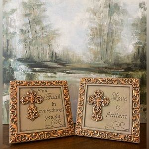 EUC Fold Out Motivational Frames. Bronze Vintage looking. “ Find Faith in everything you do” & “ Love is Patient”
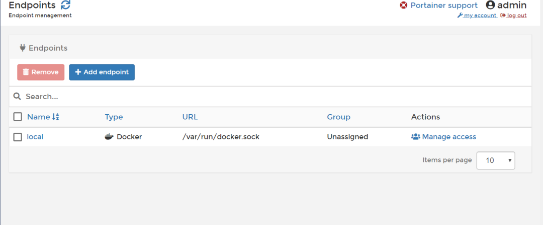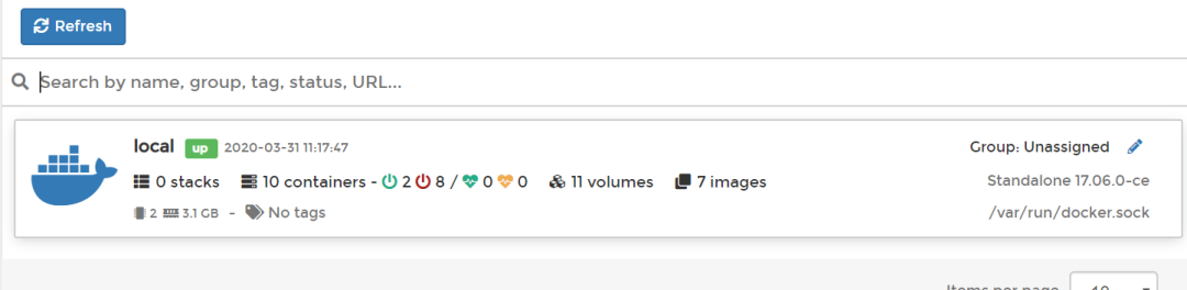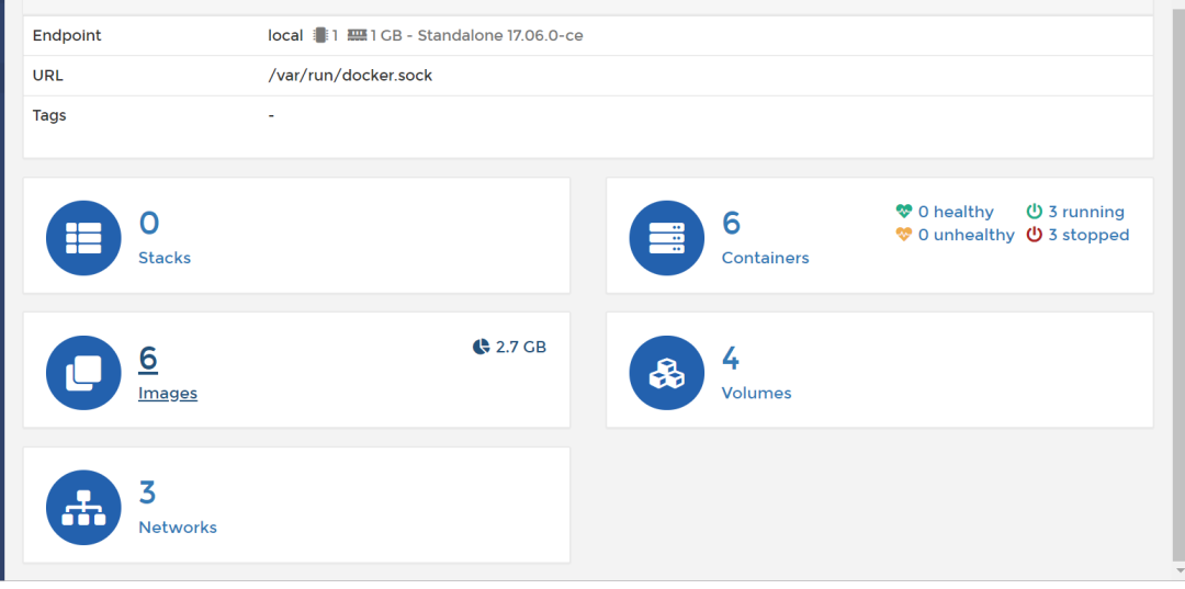 登录进去,可以看到当前及宿主机的一些基本硬件信息,现在看到local 是宿主机portainer 支持docker 多节点的管理
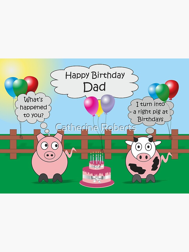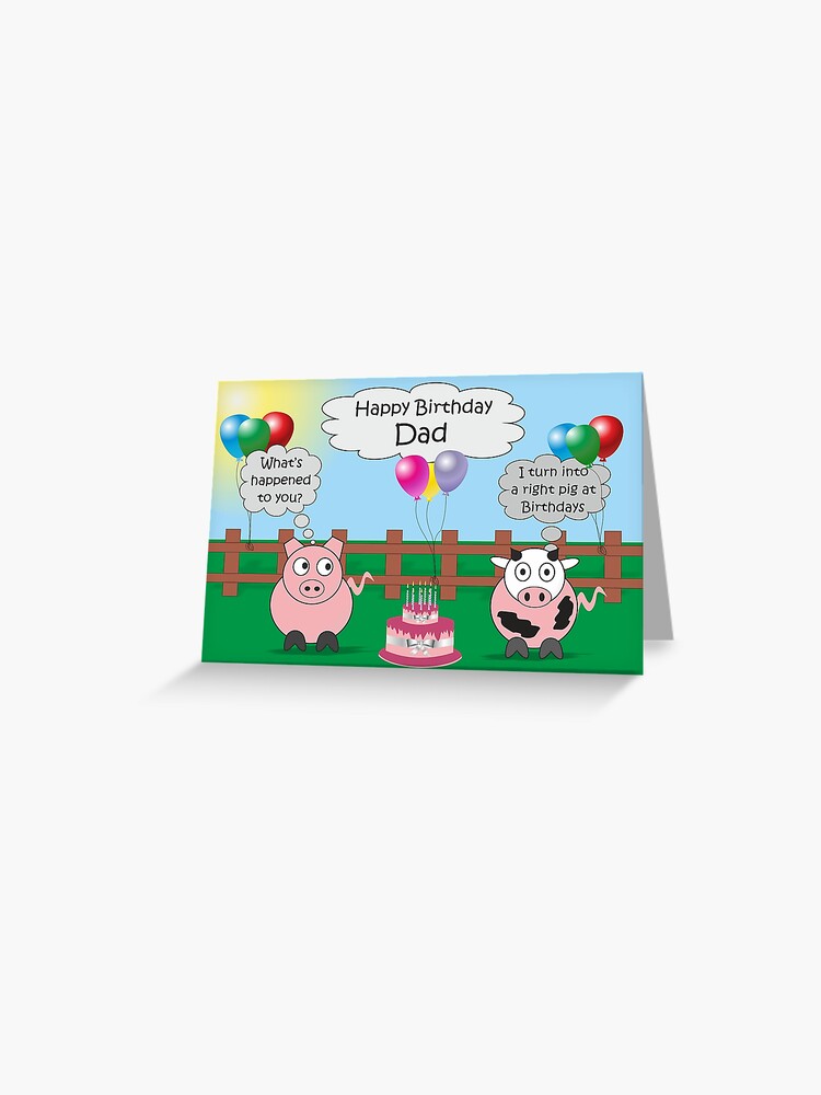 Dad Funny Animals Pig Cow Humor Cute Birthday Greeting Card By
-----
Print every line of the material exactly as written, but drop the pictures.

TASK RESULT »
 EUC Fold Out Motivational Frames. Bronze Vintage looking. “ Find Faith in everything you do” & “ Love is Patient”
 登录进去,可以看到当前及宿主机的一些基本硬件信息,现在看到local 是宿主机portainer 支持docker 多节点的管理
 Dad Funny Animals Pig Cow Humor Cute Birthday Greeting Card By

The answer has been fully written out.